In a preferred embodiment of the invention, the second signal (RTS) transmitted by the satellite access terminals (GW) contains information regarding the amount of data to be transmitted (e.g. the number of data packets to be transmitted and/or the size of the data packets). The satellite (S) evaluates the second signal (RTS) coming from each satellite access terminal (GW) and performs resource planning in line with the amount of data. The resource planning carried out by the satellite (S) can be a planning in which all data packets of all satellite access terminals (GW) requesting data transmission can be transmitted within the service slot (SS), in line with the data transmission constraints. Depending on the amount of data to be transmitted, it may involve planning in which some satellite access terminals (GW) will not transmit data packets within the said service slot (SS) and/or some satellite access terminals (GW) may transmit some of their data packets. In this case, satellite access terminals (GW) which could not transmit data or could not transmit all of their data within said service slot (SS); will transmit a request again at the next first signal (BC) reception for the data packets they could not transmit. The next first signal (BC) can be received in the next pass of the same satellite (S), or preferably from another satellite (S) of the same constellation which enters the same coverage area.

In a preferred embodiment of the invention, the method also comprises the following steps: the satellite (S) creates a fourth signal (SDM) containing feedback regarding the data packets reached it and transmits it to the satellite access terminals (GW) within the service slot (SS); satellite access terminals (GW) evaluate the received fourth signal (SDM) and determine which data packets have reached the satellite (S); satellite access terminals (GW) delete the data packets detected to have reached the satellite (S), from the memory; satellite access terminals (GW) request data transmission again within the same service slot (SS) for data packets detected not to reach the satellite (S).

In this application, the satellite (S) provides feedback to the satellite access terminals (GW) on whether data packets have reached. Satellite access terminals (GW) can request data retransmission for data packets that they detect have not reached the satellite (S). In this case, the satellite access terminal (GW) will request a new data transmission with a new second signal (RTS) regarding the data packets that have not been transmitted to the satellite. If this request is made within the same service slot (SS), it is possible to transmit it to the satellite (S) during the same transition, in line with the resource planning that the satellite will update within the service slot (SS). If the second signal (RTS) newly created by the satellite access terminal (GW) is not within the service slot (SS); the satellite access terminal (GW) will be able to request data transmission again for the relevant data packets at the next first signal (BC) reception.

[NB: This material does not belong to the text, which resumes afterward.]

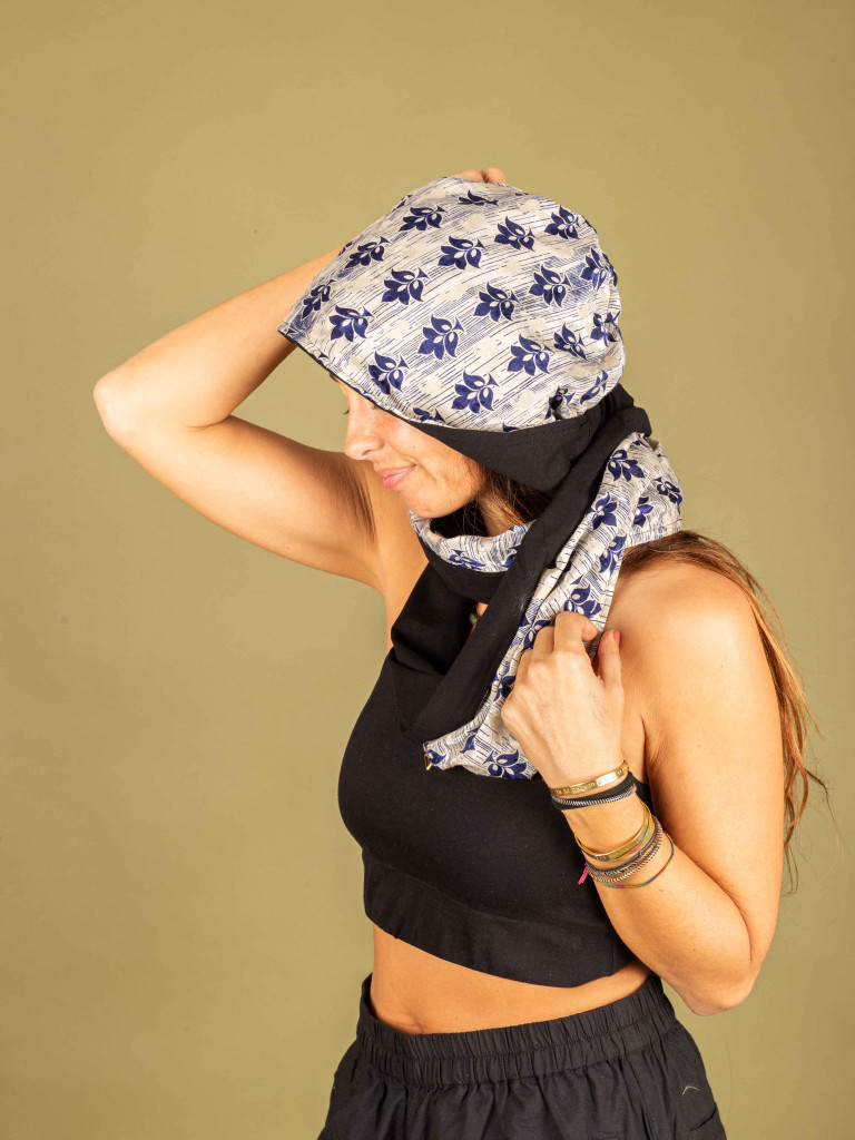 A poncho with a square base with an open front so you can play with its multiple positions.
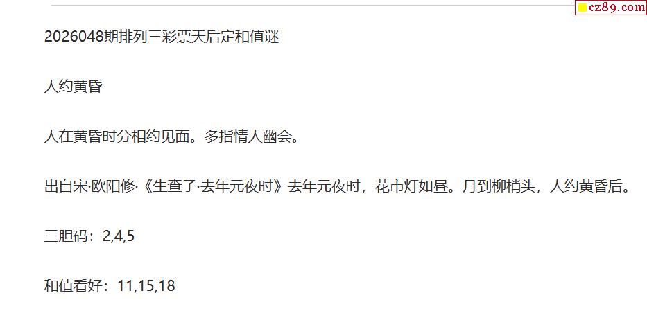 体彩P3字谜汇总2026年048期超级马克p3今日字迷总汇

In a preferred embodiment of the invention, each satellite access terminal (GW) has an identification number, and the satellite (S) obtains information (for example, a prioritization information) regarding the priority of the data transmitted by the relevant satellite access terminal (GW) from the said identification number. In this application, the satellite (S) also takes into account the information regarding the priority of the data during the resource planning process. In the said application, preferably the said identification numbers contain an indicator regarding the prioritization information of the data collected by the relevant satellite access terminal (GW). In another preferred embodiment, the satellite (S) can recognize the satellite access terminals (GW); with which it can communicate with the said second communication link (L2); from said identification number and obtain information about the data content I priority of the data. In the application in question, the relevant identification numbers and prioritization information regarding the data priority matching the identification number are pre-registered in the satellite (S).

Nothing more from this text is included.